Затем поднимите печатаную головку и вручную перемести ее за пределы области пластины. Если рабочее расстояние между печатной головой и поверхностью пластины определяется как No2, введите высоту поверхности печати плюс рабочее расстояние в программу печати в качестве значения q во время печати. Загрузите заранее запрограммированный файл G-кода, содержащий команды для печати нужной формы.
На каждой командной строке положение печатной головки может быть изменено в осях X, Y и q. Не забудьте ввести значение q во время всех этапов печати как высота поверхности печати плюс рабочее расстояние. Загрузите жидкое биоинку в шприцы и смонтировать их в шприц-насосе 3D биопринтера.
Затем установите скорость экструзии до 0,3 миллилитров в час. Печать биоинк на печать субстрата, нажав кнопку печати. Подождите, чтобы начать шприц насос до тех пор, пока после начала печати, и до печати головка вступает в контакт с поверхностью печати.
Во время печати, контролировать движение печати головы полностью с помощью программного обеспечения. Остановите шприц-насос, как только печатная головка прибудет в последнюю точку печати, в противном случае избыток биоотвода упадет на печатный субстрат и уменьшит разрешение печати. При строительстве 3D-конструкций все движения печатной головки контролируются в редакторе G-кода.
Чтобы увеличить высоту печати для второго слоя, ввемите высоту печати первого слоя и увеличьте значение q в коде на 0,2 миллиметра. После этого увеличьте значение q на 0,1 миллиметра при перемещении к более высокому слою. Инкубировать печатные образцы при комнатной температуре в течение трех-шести дней, чтобы обеспечить производство компонентов биопленки, таких как волокна Curli.
Затем поместите пластину на флуоресцентный сканер и изображение пластин.
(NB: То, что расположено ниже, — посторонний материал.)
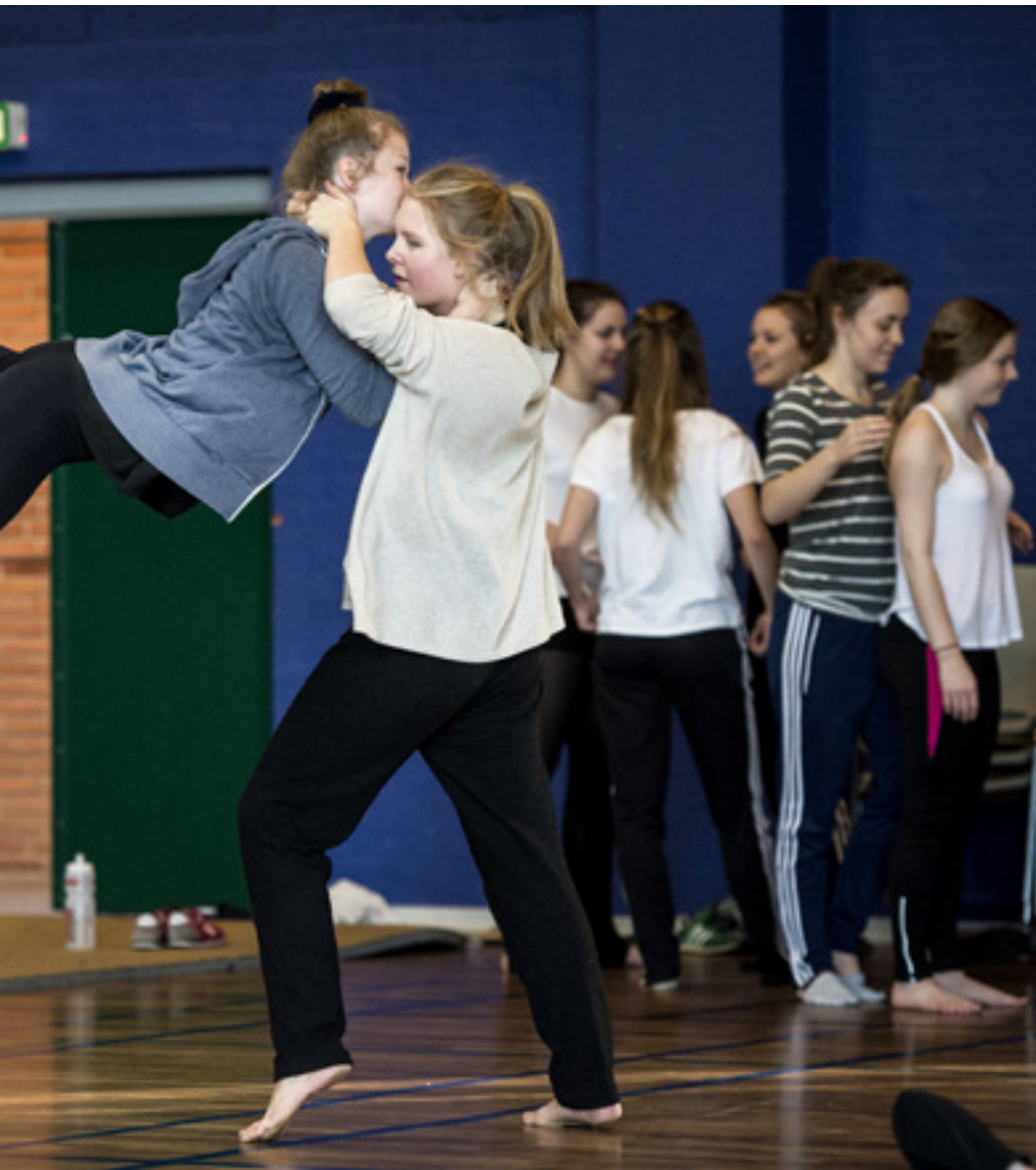
■ Viby Efterskoles elever arbejder næsten i døgn drift hele januar for at få opsætningen af musicalen "The Wiz" til at blive perfekt.
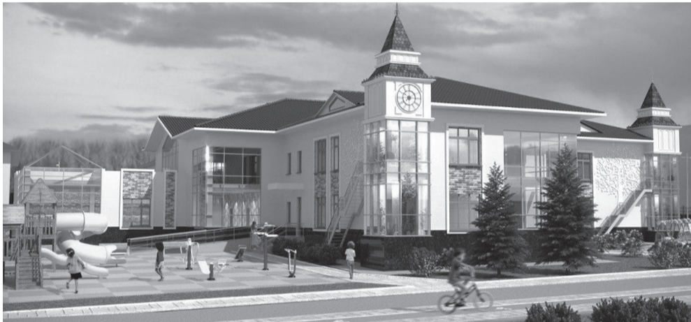
Проект детского сада в Таирово, «похудевшего» в два раза, так и остается только проектом

Можно предположить, что скоро проект строитель-
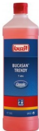
Buzil Bucasan Trendy T 464 (1L)
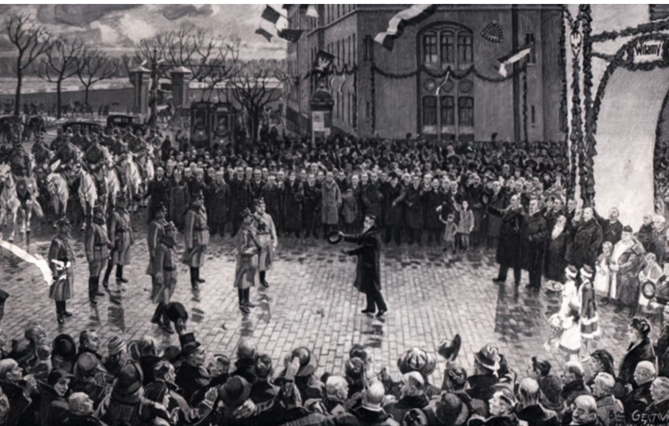
Powitanie wojsk polskich przed Dworcem Miasto w Toruniu, rep. obrazu F. i B. Gęstwickich
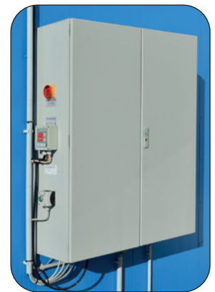
Schaltschrank mit zentraler Steuerung und Bedienelementen
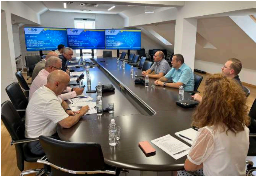
Slika 3.2: Sjednica Vijeća IPP FBiH
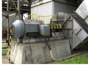
300kw集塵機モーターの取外
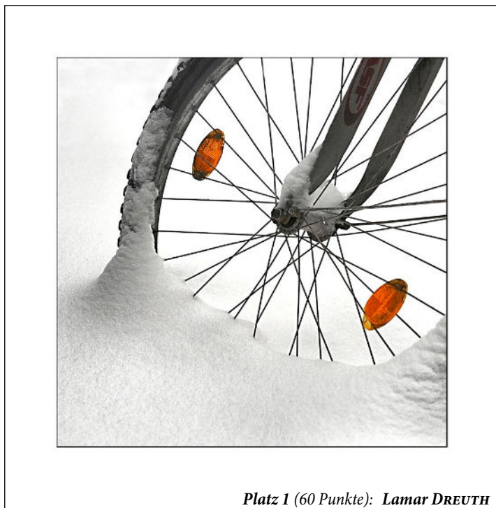
Platz 1 (60 Punkte): Lamar DREUTH
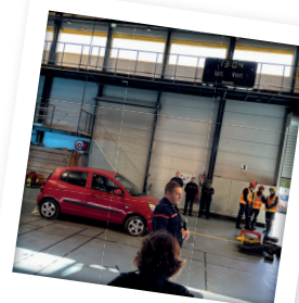
Dés-incarcération à Issoudun (36)
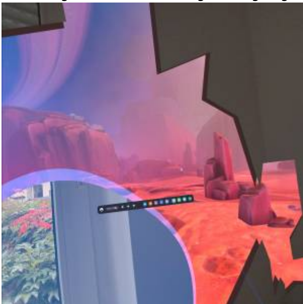
Abbildung 6: Aufnahme beim Überschreiten der Begrenzung; eigene Aufnahme

Begrenzungen können bei den Einstellungen unter Physischen Raum festgelegt oder bearbeitet werden.
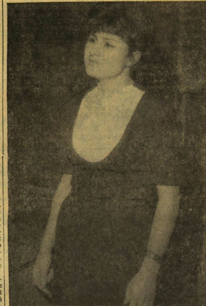
A tudományegyetemi szavalóverseny egyik győztese.
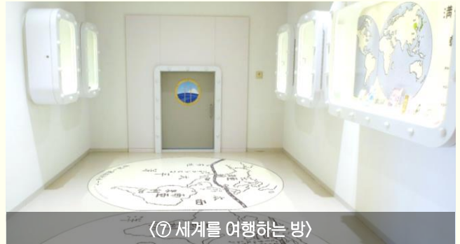
〈⑦ 세계를 여행하는 방〉

구루시마가 쓴 동화 10편과 구스정에 전해 내려오는 이야기를 구연동화로 재현하여 들려주는 방이다. 동화를 읽어 주는 목소리의 주인공은 녹음 당시 초등학생이었다고 하는데 매우 실감 나게 이야기를 들려 주고, 동화책의 삽화를 영상으로 보여 주어 더욱 생생하게 동화를 즐길 수 있다. 구루시마의 실제 목소리로 읽어주는 이야기도 들을 수 있다고 하니 그의 목소리가 궁금하다면 오랜만에 동심으로 돌아가 느긋하게 동화를 들여보길 추천한다.

Чтобы растворить альгинатную матрицу, добавьте 20 миллилитров раствора цитратов натрия 0,5 моляра при рН 7 к печатаемому субстрату. Инкубировать пластину при комнатной температуре в течение двух часов при встряхивании при 30 об/мин.
Затем, отбросить жидкость и изображение пластин снова, чтобы сравнить с изображениями пластин до и после лечения цитратом. 3D биопринтер может создавать бактерии, инкапсулирующие гидрогели в различных двумерных и трехмерных формах. Эти печатные формы могут быть использованы для оценки того, является ли образование биопленки было успешным, или если альгинат матрицы полностью растворяется с помощью раствора цитрата натрия.
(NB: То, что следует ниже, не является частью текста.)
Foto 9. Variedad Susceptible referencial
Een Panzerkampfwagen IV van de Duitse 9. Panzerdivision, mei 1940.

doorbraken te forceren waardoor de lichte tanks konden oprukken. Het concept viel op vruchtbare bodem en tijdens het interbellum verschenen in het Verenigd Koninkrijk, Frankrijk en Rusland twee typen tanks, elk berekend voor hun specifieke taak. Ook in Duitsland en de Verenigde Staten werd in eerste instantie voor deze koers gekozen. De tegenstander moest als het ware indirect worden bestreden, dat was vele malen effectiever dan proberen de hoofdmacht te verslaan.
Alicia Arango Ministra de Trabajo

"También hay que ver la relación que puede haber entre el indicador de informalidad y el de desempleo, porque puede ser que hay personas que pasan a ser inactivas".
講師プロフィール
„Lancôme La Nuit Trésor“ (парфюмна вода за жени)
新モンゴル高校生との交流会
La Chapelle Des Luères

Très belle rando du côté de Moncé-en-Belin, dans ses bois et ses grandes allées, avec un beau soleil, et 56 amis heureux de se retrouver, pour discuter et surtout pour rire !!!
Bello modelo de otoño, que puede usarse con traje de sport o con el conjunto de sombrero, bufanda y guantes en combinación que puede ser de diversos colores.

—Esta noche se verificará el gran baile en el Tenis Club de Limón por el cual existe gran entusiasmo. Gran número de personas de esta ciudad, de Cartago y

В случае биоинк без неопроизводимой плазмиды производства Curli, печатный узор был полностью растворен после лечения цитратом натрия, что означает, что не сформировалась сеть биопленки Curli. Бактерии, содержащие неопроизводимую плазмиду производства Curli, не растворялись после лечения цитратом натрия, что указывает на то, что напечатанные бактерии смогли сформировать сеть Curli достаточно обширной, чтобы стабилизировать печатную структуру бактерий. Для построения многослойных структур можно распечатать дополнительные слои, контролируя редактор G-кода.
Увеличение количества печатных слоев в образце привело к постепенной увеличению ширины и высоты печатных конструкций. Когда E.coli инженерии для inducibly производить Белки Curli были напечатаны в многослойных структур, лечения цитратом натрия не растворяют образцы, в то время как многослойные структуры, содержащие не Curli производства E.coli были растворены. Наиболее важными частями процедуры 3D-печати являются калибровка оси И, а также координация запуска печати и запуска шприц-насоса.
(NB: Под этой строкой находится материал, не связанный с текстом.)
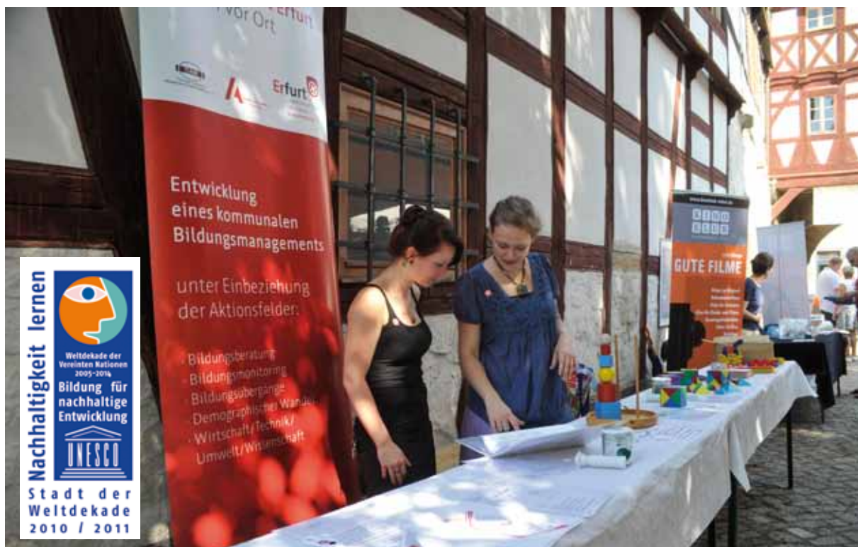
Festival de Erfurt 2011: la ciudad se presenta como emplazamiento educativo
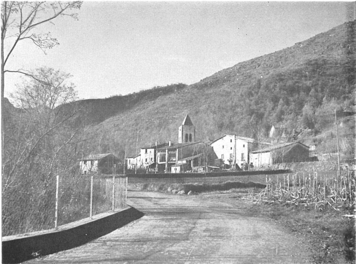
L'ecologia no deu trencar-se de com la conserven a Sant Privat de Bas.

de la promulgació de la Llei del 13 de maig de 1933 els intents en custodiar el llegat cultural, les belleses naturals i els sistemes ecològics s'han limitat en l'aspecte jurídic a la Llei del 12 de maig de 1956 i a pocs Decrets de declaració d'uns llocs o paratges determinats. Aquest «corpus» vertaderament exigü conté d'altra banda, sensibles deficiències tan des del punt de vista quantitatiu perquè l'inventari no és complet, com del qualitatiu perquè la normativa és extremadament ambigua. A més, la mateixa organització administrativa que té cura de vetllar pel seu compliment sovint es troba subjugada en situacions conflictives i a voltes anacròniques per causa dels equívocs que l'esmentada legislació posseeix. Alguns fets ocorreguts recentment a les nostres comarques en són exemples ben significatius i prou coneguts per no haver-ne de reiterar el seu comentari.
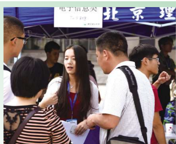
迎新之际,这些忙碌奔波的身影,师长、同学,给我们引路,为我们领航,相信在未来四年,定将收获更加美丽的辉煌。
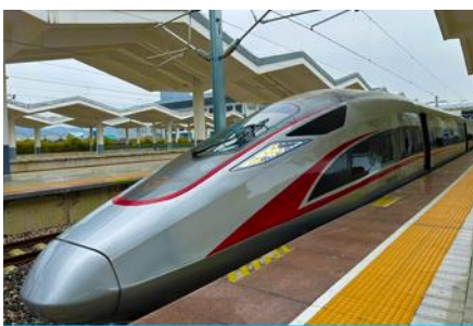
นั่งรถไฟความเร็วสูง

พักที่ XINGYU INTERNATIONAL หรือ โรงแรมระดับ 4 ดาวท้องถิ่น

Биоинк, разработанный для этого процесса, довольно мягкий, с низкой прочностью. Для обеспечения и улучшения механической устойчивости биоутмов можно было бы внести дальнейшие изменения в биоинку. Этот метод 3D-печати позволяет изготавливать биопленки с отличными механическими свойствами, что может позволить изготовить биомиметические материалы.
При обращении с этими бактериями, носить надлежащую защиту, такие как перчатки.